Tuesday, 9 December 2014
Exhibition Hall-Poster Area (Sul America)
INTRODUCTION: The syndrome of hyper-IgE syndrome or Job syndrome or Burckley syndrome, is a rare primary immunodeficiency characterized by defective phagocytic manifesting recurrent infections, mainly Staphylococcal associated with eczema severe atopic, musculoskeletal disorders, pathological fractures, scoliosis and levels high IgE (> 2.000UI / ml).
Among the immunological characteristics, we can find defects in neutrophil chemotaxis, decreased production of interferon gamma, eosinophilia mutation and STAT 3.Most cases are sporadic, but there are cases with patterns of autosomal dominant or recessive inheritance. The diagnosis is clinical using the criteria of Grimbacher.The treatment is the same of the bacterial and fungal infections. Some consensus oriented prophylaxis of infections with antibiotics.
OBJECTIVE: Report the case of a patient with severa atopic eczema and criteria for the syndrome hyper IgE Grimbacher seconds.
CASE DESCRIPTION: IFS 2 years and 9 months, with a history of atopic eczema since 3 months of age and history of intrauterine growth retarded neonatal sepsis associated with severe skin lesions, three hospitalizations for pneumonia and hospitalization due infected with abscesses dermatitis. Physical examination showed coarse facies, prominent forehead, broad nasal bridge,hyperextensible joints of knees and severe atopic eczema refractory to treatments. In evaluating Additional research showed anti-HIV antibody negative,eosinophilia persistent (4080 cells / mm 3) and IgE> 2.000UI / ml.
CONCLUSION: Given the difficulty for the molecular diagnosis of the syndrome hyper-IgE, we report a probable case of the disease evaluated according to the criteria of Grimbacher be
used in our service. Reiterates the importance of investigating immunodeficiency in children with severe atopic eczema associated with recurrent infections.

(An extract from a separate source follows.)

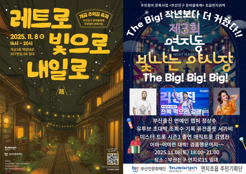 같은 날 오후 6시부터 오후 9시까지는 연지시장에서 ‘부산진구 온마을축제-연지동 빛나는 야시장 시즌3’를 개최한다.

Among the immunological characteristics, we can find defects in neutrophil chemotaxis, decreased production of interferon gamma, eosinophilia mutation and STAT 3.Most cases are sporadic, but there are cases with patterns of autosomal dominant or recessive inheritance. The diagnosis is clinical using the criteria of Grimbacher.The treatment is the same of the bacterial and fungal infections. Some consensus oriented prophylaxis of infections with antibiotics.
OBJECTIVE: Report the case of a patient with severa atopic eczema and criteria for the syndrome hyper IgE Grimbacher seconds.
CASE DESCRIPTION: IFS 2 years and 9 months, with a history of atopic eczema since 3 months of age and history of intrauterine growth retarded neonatal sepsis associated with severe skin lesions, three hospitalizations for pneumonia and hospitalization due infected with abscesses dermatitis. Physical examination showed coarse facies, prominent forehead, broad nasal bridge,hyperextensible joints of knees and severe atopic eczema refractory to treatments. In evaluating Additional research showed anti-HIV antibody negative,eosinophilia persistent (4080 cells / mm 3) and IgE> 2.000UI / ml.
CONCLUSION: Given the difficulty for the molecular diagnosis of the syndrome hyper-IgE, we report a probable case of the disease evaluated according to the criteria of Grimbacher be
used in our service. Reiterates the importance of investigating immunodeficiency in children with severe atopic eczema associated with recurrent infections.
BIBLIOGRAPHY
- Grimbacher B. hyper IgE syndrome. Immunol Ver 2005; 203:244-250.